此外，我找不到任何教程或示例来理解如何重写上述代码，例如，urllib3 没有urlopen。

有什么解释或例子吗？！

P/S：我使用的是 python 3.4。

【问题讨论】：

示例运行时为什么要安装urllib3？
因为它对我不起作用，所以没有找到 urllib2。
@niloofar Python 3.4 将 urllib2 命名为 urllib。 from urllib import urlopen 应该适用于这种情况。
不要使用 urllib3。这样做：import urllib.requesturllib.request.urlopen('https://...')

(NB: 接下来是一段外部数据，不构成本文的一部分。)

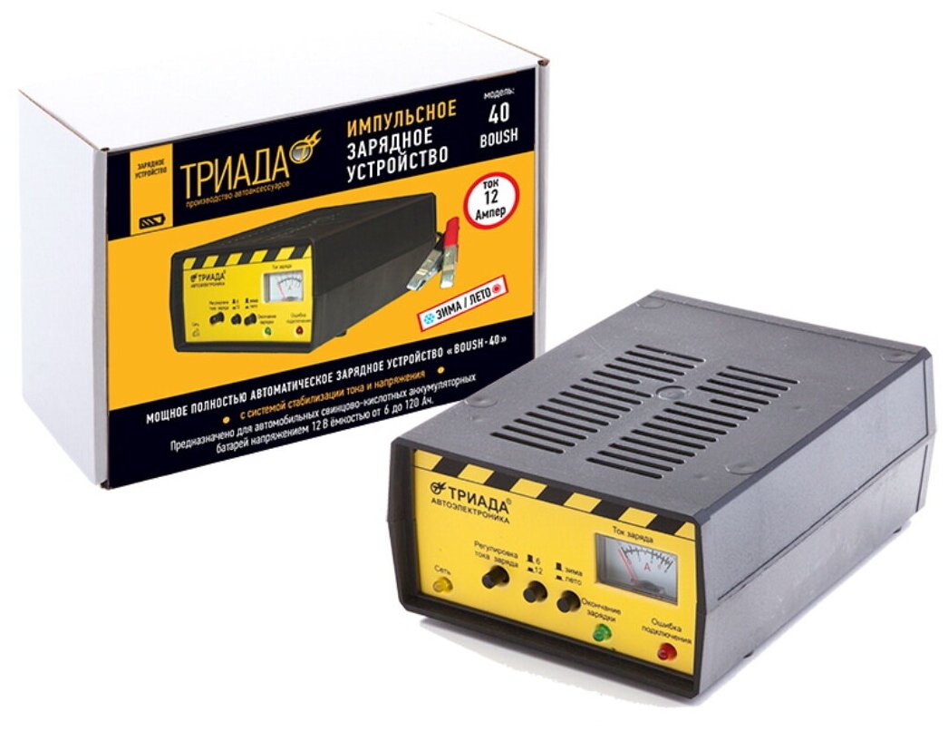 Профессиональное мощное импульсное зарядное устройство "Триада-40 6/12 А" (в коробке). 2 режима работы: 6/12 А Опция зима/лето. Стрелочный индикатор, плавная регулировка тока. Индикация окончания заряда, переполюсовки. Вес нетто 720 г.

标签： python web-scraping beautifulsoup urllib3

【解决方案1】：

urllib3 是与 urllib 和 urllib2 不同的库。它为标准库中的 urllibs 提供了许多附加功能，如果您需要它们，例如重用连接。文档在这里：https://urllib3.readthedocs.org/

如果你想使用 urllib3，你需要pip install urllib3。一个基本示例如下所示：

from bs4 import BeautifulSoup
import urllib3

http = urllib3.PoolManager()

url = 'http://www.thefamouspeople.com/singers.php'
response = http.request('GET', url)
soup = BeautifulSoup(response.data)

【讨论】：

response.read() 至少在 Python 2.7 中不起作用。根据文档urllib3.readthedocs.io/en/latest/user-guide.html，它应该是html = response.data。
这个例子给我一个异常错误 (urllib3.exceptions.MaxRetryError) python3

【解决方案2】：

您不必安装urllib3。您可以选择任何适合您需要的 HTTP 请求生成库并将响应提供给 BeautifulSoup。虽然通常选择requests，因为它具有丰富的功能集和方便的 API。您可以通过在命令行中输入pip install requests 来安装requests。这是一个基本的例子：

from bs4 import BeautifulSoup
import requests

url = "url"
response = requests.get(url)

soup = BeautifulSoup(response.content, "html.parser")

【讨论】：

FWIW，如果你想使用请求，你仍然需要安装请求。它们都不是 Python 自带的。
请求取决于 urllib3。
@CeesTimmerman 我尝试了没有 urllib3 的请求并且它有效，为什么它依赖于 urllib3？

【解决方案3】：

新的 urllib3 库有一个很好的文档here
为了得到你想要的结果，你应该遵循：

Import urllib3
from bs4 import BeautifulSoup

url = 'http://www.thefamouspeople.com/singers.php'

http = urllib3.PoolManager()
response = http.request('GET', url)
soup = BeautifulSoup(response.data.decode('utf-8'))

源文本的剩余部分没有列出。